I confess that the securing of this
money in this way was a great surprise to me, as well
as a source of gratification. Up to that time
I never had had in my possession so much money as one
hundred dollars at a time, and the loan which I had
asked General Marshall for seemed a tremendously large
sum to me. The fact of my being responsible for
the repaying of such a large amount of money weighed
very heavily upon me.
I lost no time in getting ready to
move the school on to the new farm. At the time
we occupied the place there were standing upon it
a cabin, formerly used as a dining room, an old kitchen,
a stable, and an old hen-house. Within a few
weeks we had all of these structures in use.
The stable was repaired and used as a recitation-room,
and very presently the hen-house was utilized for
the same purpose.
I recall that one morning, when I
told an old coloured man who lived near, and who sometimes
helped me, that our school had grown so large that
it would be necessary for us to use the hen-house
for school purposes, and that I wanted him to help
me give it a thorough cleaning out the next day, he
replied, in the most earnest manner: “What
you mean, boss? You sholy ain’t gwine clean
out de hen-house in de day-time?”
Nearly all the work of getting the
new location ready for school purposes was done by
the students after school was over in the afternoon.
As soon as we got the cabins in condition to be used,
I determined to clear up some land so that we could
plant a crop. When I explained my plan to the
young men, I noticed that they did not seem to take
to it very kindly. It was hard for them to see
the connection between clearing land and an education.
Besides, many of them had been school-teachers, and
they questioned whether or not clearing land would
be in keeping with their dignity. In order to
relieve them from any embarrassment, each afternoon
after school I took my axe and led the way to the
woods. When they saw that I was not afraid or
ashamed to work, they began to assist with more enthusiasm.
We kept at the work each afternoon, until we had cleared
about twenty acres and had planted a crop.
In the meantime Miss Davidson was
devising plans to repay the loan. Her first effort
was made by holding festivals, or “suppers.”
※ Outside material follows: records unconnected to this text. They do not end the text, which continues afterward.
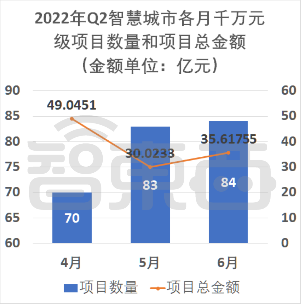 从金额来看,4月智慧城市项目的中标总金额最高,为49亿元,主要是因为有一个中标金额超26亿元的山东小型水库雨水工情自动测报和水库安全运行及防洪调度项目。5月的智慧城市项目中标总金额为30亿元,6月的智慧城市项目中标总金额为35.62亿元。其实如果按亿元级智慧城市项目数量来算,6月份公布中标结果的亿元级智慧城市项目数量最多,有7个。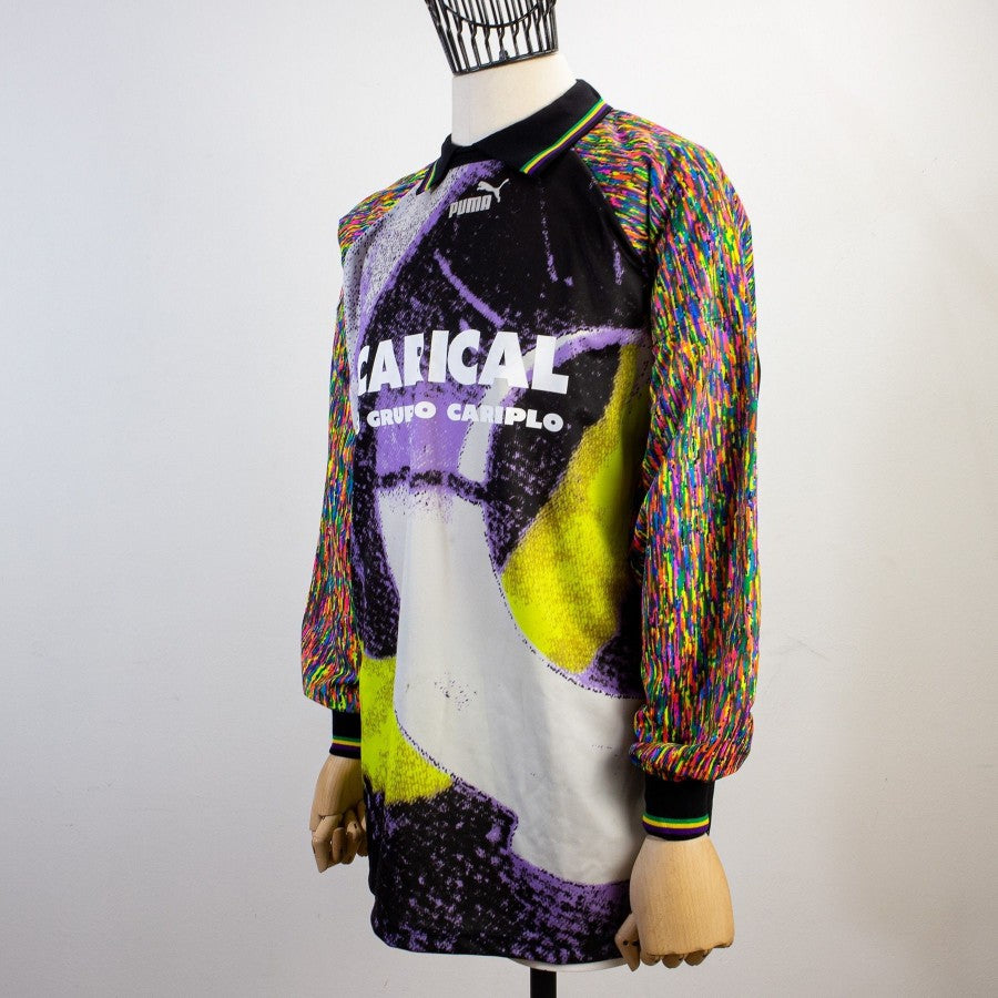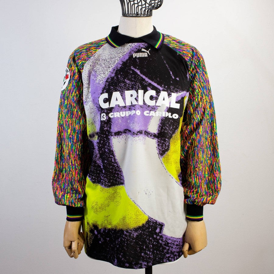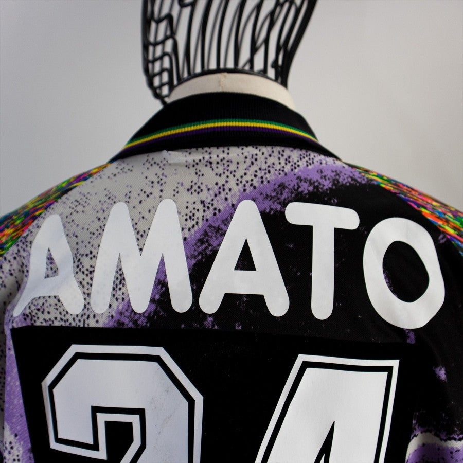 Maglia portiere vintage in condizioni perfette, anno 96/97, nome e numero Amato 24. Colori vivaci e accesi, sponsor tecnico (Puma) frontale leggermente scolorito dal tempo, sponsor commerciale Carical. Sponsor tecnico su numero Hummel.
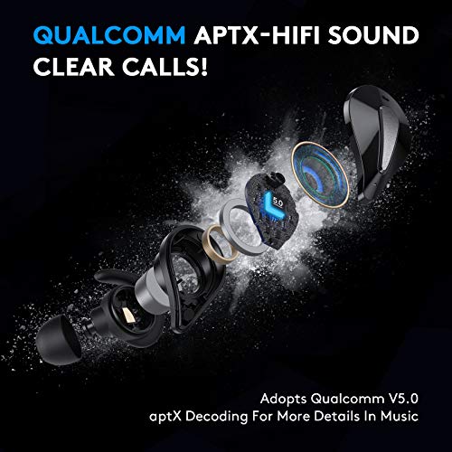 Cuffie Bluetooth, Auricolari Wireless 5.0 IPX8, Auricolari Stereo True Wireless Aptx Hi-Fi con Ricarica Rapida USB-C e ControlloTouch per Tutti Gli Smartphone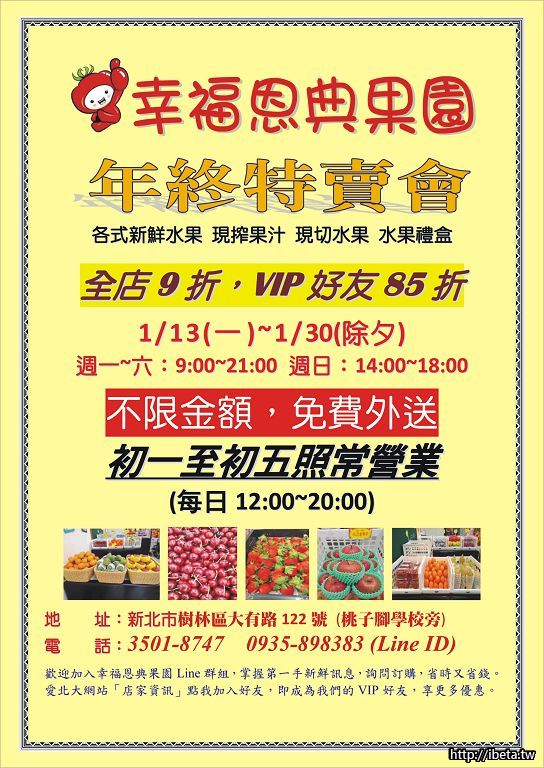 幸福恩典果園年終特賣會登場囉!從下禮拜一1/13起,到除夕1/30當天,全店九折優惠,恩典VIP好友更享八五折!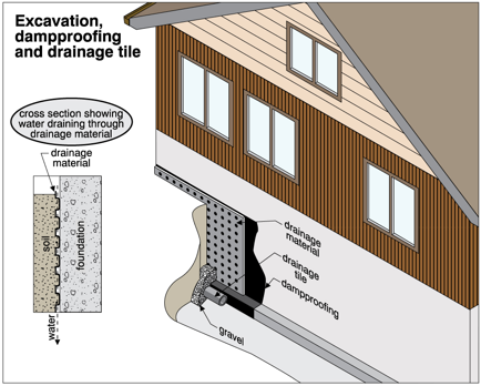 Excavating, dampproofing and installing drainage tiles should be used as a last resort. Dampproofing on the exterior typically involves parging a masonry foundation wall with a one-quarter inch layer of mortar covered with a bituminous or plastic membrane which extends down to the footings.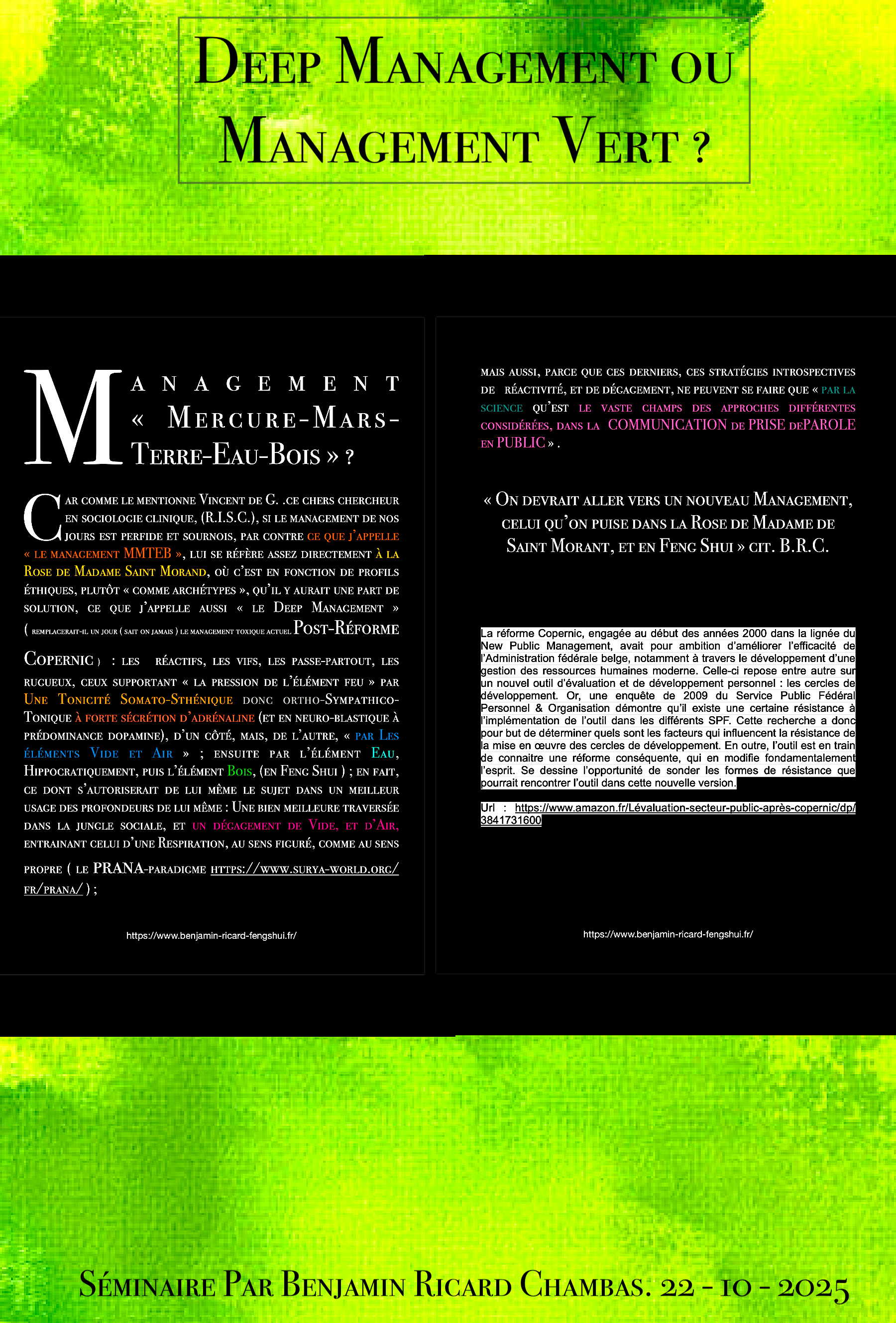 « On devrait aller vers un nouveau Management, celui qu’on puise dans la Rose de Madame de Saint Morant, et en Feng Shui » cit. B.R.C.

She made a personal canvass among the white and coloured
families in the town of Tuskegee, and got them to agree
to give something, like a cake, a chicken, bread, or
pies, that could be sold at the festival. Of
course the coloured people were glad to give anything
that they could spare, but I want to add that Miss
Davidson did not apply to a single white family, so
far as I now remember, that failed to donate something;
and in many ways the white families showed their interested
in the school.
Several of these festivals were held,
and quite a little sum of money was raised. A
canvass was also made among the people of both races
for direct gifts of money, and most of those applied
to gave small sums. It was often pathetic to note
the gifts of the older coloured people, most of whom
had spent their best days in slavery. Sometimes
they would give five cents, sometimes twenty-five
cents. Sometimes the contribution was a quilt,
or a quantity of sugarcane. I recall one old
coloured women who was about seventy years of age,
who came to see me when we were raising money to pay
for the farm. She hobbled into the room where
I was, leaning on a cane. She was clad in rags;
but they were clean. She said: “Mr.
Washin’ton, God knows I spent de bes’
days of my life in slavery. God knows I’s
ignorant an’ poor; but,” she added, “I
knows what you an’ Miss Davidson is tryin’
to do. I knows you is tryin’ to make better
men an’ better women for de coloured race.
I ain’t got no money, but I wants you to take
dese six eggs, what I’s been savin’ up,
an’ I wants you to put dese six eggs into the
eddication of dese boys an’ gals.”
Since the work at Tuskegee started,
it has been my privilege to receive many gifts for
the benefit of the institution, but never any, I think,
that touched me so deeply as this one.